Until this week I'd never heard of Lord Wei. According to Wiki he's a 35-year-old social entrepreneur who is associated with David Cameron's Big Society as an unpaid adviser.
Nat Wei wants to help change society: in other words to further socially engineer the population.
Along with more of his colleagues he has decided there should be a National Retirement Service for senior citizens. According to Mr Wei, us baby-boomers are a drain on government resources because we cost the taxpayer double that of non-retired households in NHS services - £5,200 against £2,800. Of course the fact that older people may have more health problems doesn't enter the equation.

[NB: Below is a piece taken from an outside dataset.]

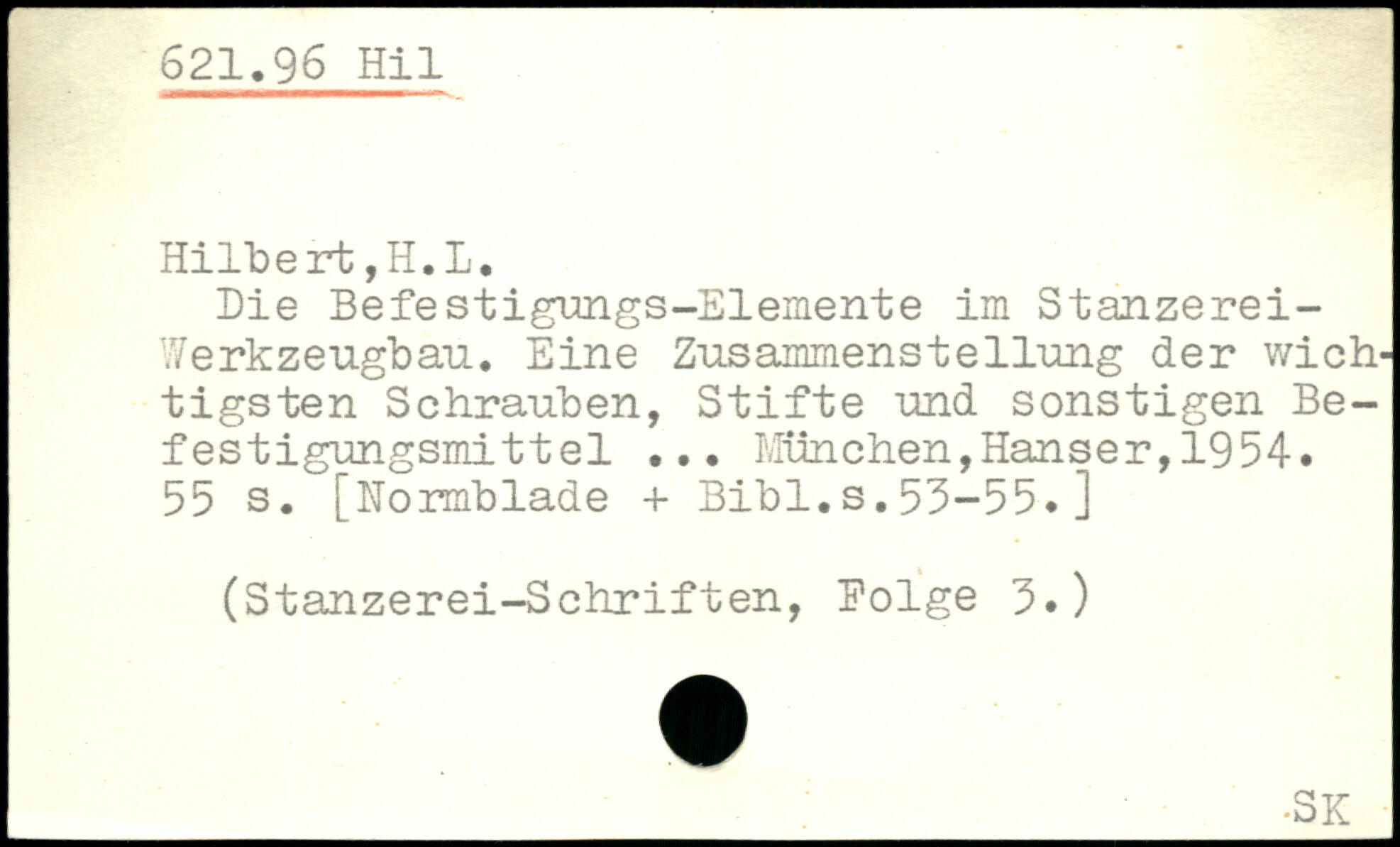 Die Befestigungs-Elemente im Stanzerei-Werkzeugbau. Eine Zusammenstellung der wichtigsten Schrauben, Stifte und sonstigen Be-festigungsmittel ...

A few of his ideas include setting up local networks of recently retired individuals who would organise excursions to meet with young people looking to help set up a business or us oldies could help groups of older, frailer pensioners in nursing homes.

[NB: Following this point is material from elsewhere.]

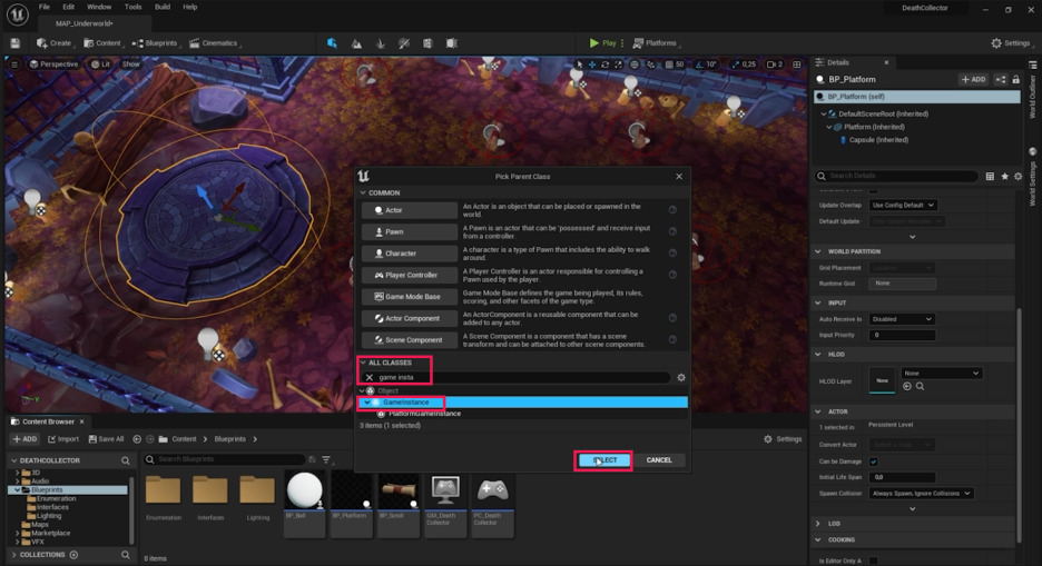 - **GI_DeathCollector**를 열고 Class Settings에서 **Int_GameInstance**를 추가합니다.

Sometimes I wonder if Mr Wei and his ilk live in the real world.
When I first retired, I undertook a small selection of voluntary positions, but quickly decided working for nothing wasn't how I wished to spent my retirement years. In two of the 'charities' with which I was involved, I found myself more qualified than most of the highly paid staff, who used volunteers like myself for the more tedious tasks involved with social work. Running around the various agencies for paperwork to be signed or sitting for hours in dismal court waiting rooms isn't how many of us want to spend our time. None of those who 'joined' these two charities with me stayed longer than three months.

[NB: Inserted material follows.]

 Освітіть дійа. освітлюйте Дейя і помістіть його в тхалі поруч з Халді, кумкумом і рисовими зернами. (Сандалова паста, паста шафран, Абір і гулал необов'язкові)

The manager of one actually suggested that, instead of meetings being held in the charity's offices, volunteers from rural areas (there were a few of us) could hold meetings in their own homes. "That would be a nice wee change for us desk-bound folk to have a day out," she said. I refused and told her my home was not an extension of her office.
I wonder if Mr Wei has ever tried to offer help to those in nursing homes. It's a ludicrous idea that nursing homes would welcome more able strangers into their midst and the reason they are so reluctant is because of the endless legislation involved in the private care of the elderly. First there is Health and Safety. All staff (including volunteers) require regular training in H and S and no nursing home or care home will pay for volunteers to attend training courses.
The voluntary sector has become a bureaucratic mess with many charities offering similar services. How some gain their 'client' group can be more by error than design. Many requiring help can be passed through several of these agencies.
Back to Mr Wei's idea of a National Retirement Service. He's not keen on pensioners wasting time playing golf, gardening or caring for young or elderly relatives. He wants oldies to 'be useful'.
Some of his suggestions are just common sense, but no older person - after working for 40+ years - should be made to feel that they must contribute to a National Retirement Service. Using unpaid pensioners instead of training a paid workforce will not make a healthy economy or society.